[Stored data entries]
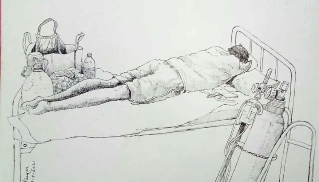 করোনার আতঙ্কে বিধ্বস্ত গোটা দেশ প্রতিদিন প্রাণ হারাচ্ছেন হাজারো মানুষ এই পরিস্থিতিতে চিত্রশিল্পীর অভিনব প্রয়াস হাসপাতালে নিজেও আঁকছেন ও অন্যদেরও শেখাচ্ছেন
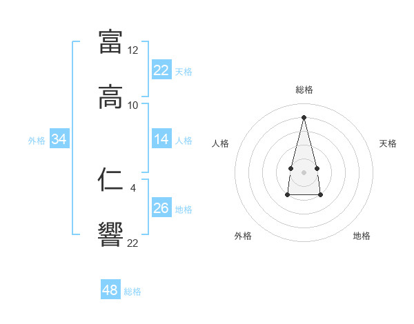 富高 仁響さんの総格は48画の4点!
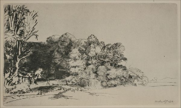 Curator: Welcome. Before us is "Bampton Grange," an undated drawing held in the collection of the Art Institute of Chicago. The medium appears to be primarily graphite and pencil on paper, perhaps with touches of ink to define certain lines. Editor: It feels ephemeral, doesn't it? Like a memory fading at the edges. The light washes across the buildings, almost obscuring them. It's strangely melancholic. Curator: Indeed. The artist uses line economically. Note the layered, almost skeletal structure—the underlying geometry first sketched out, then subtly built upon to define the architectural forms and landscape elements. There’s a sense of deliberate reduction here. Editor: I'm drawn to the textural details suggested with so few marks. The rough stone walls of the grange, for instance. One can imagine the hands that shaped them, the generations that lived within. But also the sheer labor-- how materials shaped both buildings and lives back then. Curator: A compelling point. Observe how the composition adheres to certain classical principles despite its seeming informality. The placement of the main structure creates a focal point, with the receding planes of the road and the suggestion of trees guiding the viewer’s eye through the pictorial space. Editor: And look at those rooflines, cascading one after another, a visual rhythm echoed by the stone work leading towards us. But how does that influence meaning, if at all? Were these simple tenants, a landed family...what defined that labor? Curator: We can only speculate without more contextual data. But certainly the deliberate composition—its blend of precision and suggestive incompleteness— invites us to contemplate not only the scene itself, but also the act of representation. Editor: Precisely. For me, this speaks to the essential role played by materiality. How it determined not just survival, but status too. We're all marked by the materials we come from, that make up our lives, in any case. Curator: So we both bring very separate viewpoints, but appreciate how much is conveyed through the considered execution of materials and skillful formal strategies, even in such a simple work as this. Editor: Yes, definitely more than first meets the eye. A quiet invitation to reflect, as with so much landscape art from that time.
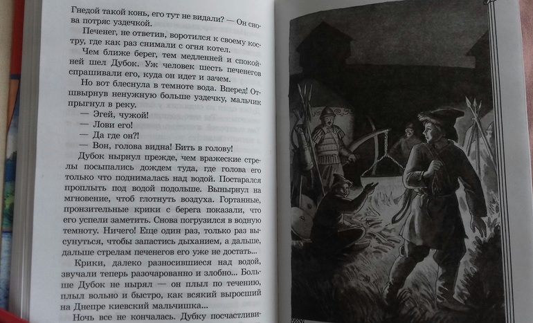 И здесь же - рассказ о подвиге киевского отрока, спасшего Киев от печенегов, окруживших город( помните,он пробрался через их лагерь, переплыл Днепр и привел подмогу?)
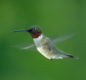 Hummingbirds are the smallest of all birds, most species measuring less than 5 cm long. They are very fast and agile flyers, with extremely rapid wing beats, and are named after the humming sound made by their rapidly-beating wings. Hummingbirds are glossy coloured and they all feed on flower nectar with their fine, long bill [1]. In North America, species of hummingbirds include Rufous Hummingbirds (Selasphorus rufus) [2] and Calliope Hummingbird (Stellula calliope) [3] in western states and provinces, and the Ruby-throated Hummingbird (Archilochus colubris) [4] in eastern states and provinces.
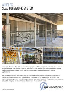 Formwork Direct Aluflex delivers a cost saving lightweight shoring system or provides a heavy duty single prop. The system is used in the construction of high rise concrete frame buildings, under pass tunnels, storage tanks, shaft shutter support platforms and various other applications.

## Directions for this task
Each of the entries above must be output exactly, with none of the pictures.

## Solution
 করোনার আতঙ্কে বিধ্বস্ত গোটা দেশ প্রতিদিন প্রাণ হারাচ্ছেন হাজারো মানুষ এই পরিস্থিতিতে চিত্রশিল্পীর অভিনব প্রয়াস হাসপাতালে নিজেও আঁকছেন ও অন্যদেরও শেখাচ্ছেন
 富高 仁響さんの総格は48画の4点!
 Curator: Welcome. Before us is "Bampton Grange," an undated drawing held in the collection of the Art Institute of Chicago. The medium appears to be primarily graphite and pencil on paper, perhaps with touches of ink to define certain lines. Editor: It feels ephemeral, doesn't it? Like a memory fading at the edges. The light washes across the buildings, almost obscuring them. It's strangely melancholic. Curator: Indeed. The artist uses line economically. Note the layered, almost skeletal structure—the underlying geometry first sketched out, then subtly built upon to define the architectural forms and landscape elements. There’s a sense of deliberate reduction here. Editor: I'm drawn to the textural details suggested with so few marks. The rough stone walls of the grange, for instance. One can imagine the hands that shaped them, the generations that lived within. But also the sheer labor-- how materials shaped both buildings and lives back then. Curator: A compelling point. Observe how the composition adheres to certain classical principles despite its seeming informality. The placement of the main structure creates a focal point, with the receding planes of the road and the suggestion of trees guiding the viewer’s eye through the pictorial space. Editor: And look at those rooflines, cascading one after another, a visual rhythm echoed by the stone work leading towards us. But how does that influence meaning, if at all? Were these simple tenants, a landed family...what defined that labor? Curator: We can only speculate without more contextual data. But certainly the deliberate composition—its blend of precision and suggestive incompleteness— invites us to contemplate not only the scene itself, but also the act of representation. Editor: Precisely. For me, this speaks to the essential role played by materiality. How it determined not just survival, but status too. We're all marked by the materials we come from, that make up our lives, in any case. Curator: So we both bring very separate viewpoints, but appreciate how much is conveyed through the considered execution of materials and skillful formal strategies, even in such a simple work as this. Editor: Yes, definitely more than first meets the eye. A quiet invitation to reflect, as with so much landscape art from that time.
 И здесь же - рассказ о подвиге киевского отрока, спасшего Киев от печенегов, окруживших город( помните,он пробрался через их лагерь, переплыл Днепр и привел подмогу?)
 Hummingbirds are the smallest of all birds, most species measuring less than 5 cm long. They are very fast and agile flyers, with extremely rapid wing beats, and are named after the humming sound made by their rapidly-beating wings. Hummingbirds are glossy coloured and they all feed on flower nectar with their fine, long bill [1]. In North America, species of hummingbirds include Rufous Hummingbirds (Selasphorus rufus) [2] and Calliope Hummingbird (Stellula calliope) [3] in western states and provinces, and the Ruby-throated Hummingbird (Archilochus colubris) [4] in eastern states and provinces.
 Formwork Direct Aluflex delivers a cost saving lightweight shoring system or provides a heavy duty single prop. The system is used in the construction of high rise concrete frame buildings, under pass tunnels, storage tanks, shaft shutter support platforms and various other applications.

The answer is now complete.